Here are just some of the things I’ve carried that I thought were shameful, weird, or personal defects until I realized they were simply part of how my neurodivergent brain works: 

🧩 Sensory landmines. Crushing headaches, nausea, itchiness, or total sensory overload triggered by smells, sounds, lights, clothes, foods, or temperatures that often seemingly came out of nowhere. 

🧩 Hyperfocus vs. derailment. I can get so deeply focused I forget to eat, drink, or pee. Or I can be completely thrown off by a flickering light, a shift in tone, or an offhand comment, and end up staring at a screen, paralyzed for an hour. 

🧩 Instructions aren’t linear. “Simple” step-by-step directions often felt like lily pads scattered across a windy pond that were hard to see, easy to miss, and nearly impossible to follow in order. 

🧩 The Blue Screen crash. I’d ride a wave of momentum and finally feel like I was succeeding… until my brain would crash like a sudden system error. Everything would freeze. 

🧩 Overthinking interactions. A glance, a tone, an offhand remark that my brain would put on loop and analyze for days, even when I knew it probably meant nothing. 

🧩 Vanishing information. I could be listening carefully, aware it was important, but five seconds later, my brain would chuck it in the mental recycling bin. 

🧩 Emotional burnout mid-jump. I’d leap between school, work, parties, theatre, social events—like everyone else seemed to do—but I’d crash somewhere in the middle and not know why. 

🧩 Rehearsed reality. I found joy in mentally rehearsing conversations or playing out stories. Then felt weird and ashamed for doing something that gave me comfort. 

🧩 The dopamine tug-of-war.
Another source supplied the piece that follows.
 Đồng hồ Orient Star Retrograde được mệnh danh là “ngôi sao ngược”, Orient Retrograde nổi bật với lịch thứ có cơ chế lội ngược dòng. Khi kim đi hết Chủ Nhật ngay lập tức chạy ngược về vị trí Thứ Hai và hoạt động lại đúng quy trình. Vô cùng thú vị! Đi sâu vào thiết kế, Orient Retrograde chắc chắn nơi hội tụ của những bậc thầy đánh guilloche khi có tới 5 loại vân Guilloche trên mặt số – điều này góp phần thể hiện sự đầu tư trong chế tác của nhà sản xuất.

I constantly craved something new and exciting to wake up my brain, while simultaneously begging for predictable structure so I didn’t drown in chaos. 
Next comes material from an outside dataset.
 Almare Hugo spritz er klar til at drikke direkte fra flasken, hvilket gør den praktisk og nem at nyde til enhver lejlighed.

🧩 The myth of habit-building. Forming habits felt like chasing a magical unicorn—mysterious, mythical, and always one step out of reach. 

🧩 Meltdowns and recovery. A sudden change of plans or the unexpected could set off an emotional volcano. Sometimes I’d need to yell or rock in private just to regulate again. 
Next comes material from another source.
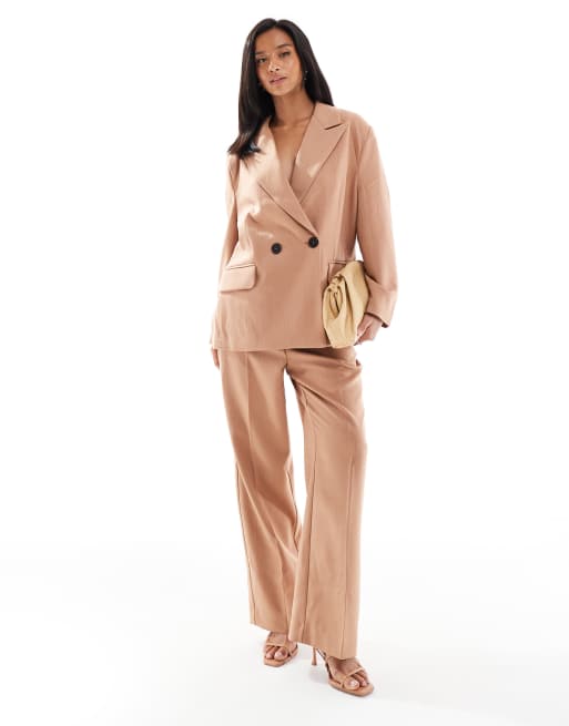 Vero Moda Petite tailored herringbone blazer and wide leg trouser in mocha

🧩 Social anxiety on delay. I’d enthusiastically say “yes!” to an invite… then minutes later, spiral into panic trying to figure out how to be socially acceptable in the moment. 

🧩 Slow-download processing. I’d eventually receive a question or instruction… but it sometimes felt like it was being delivered by a drunk carrier pigeon circling my house. 

🧩 Mental movie marathons. I’d beg myself to focus in class or meetings, but my brain would start playing entire movies or dialogues in the background, and sometimes they were more vivid than reality. 

For years, I thought these things were proof that I was broken. Now I know they’re part of being neurodivergent. 

I haven’t mastered it. Not even close. But I’m done treating these traits as shameful secrets. I’m done pretending. I’m not broken. I’m just wired differently. And for the first time, I’m learning to honour that wiring.

Do you ever experience some of these challenges? If you do, let go of the shame.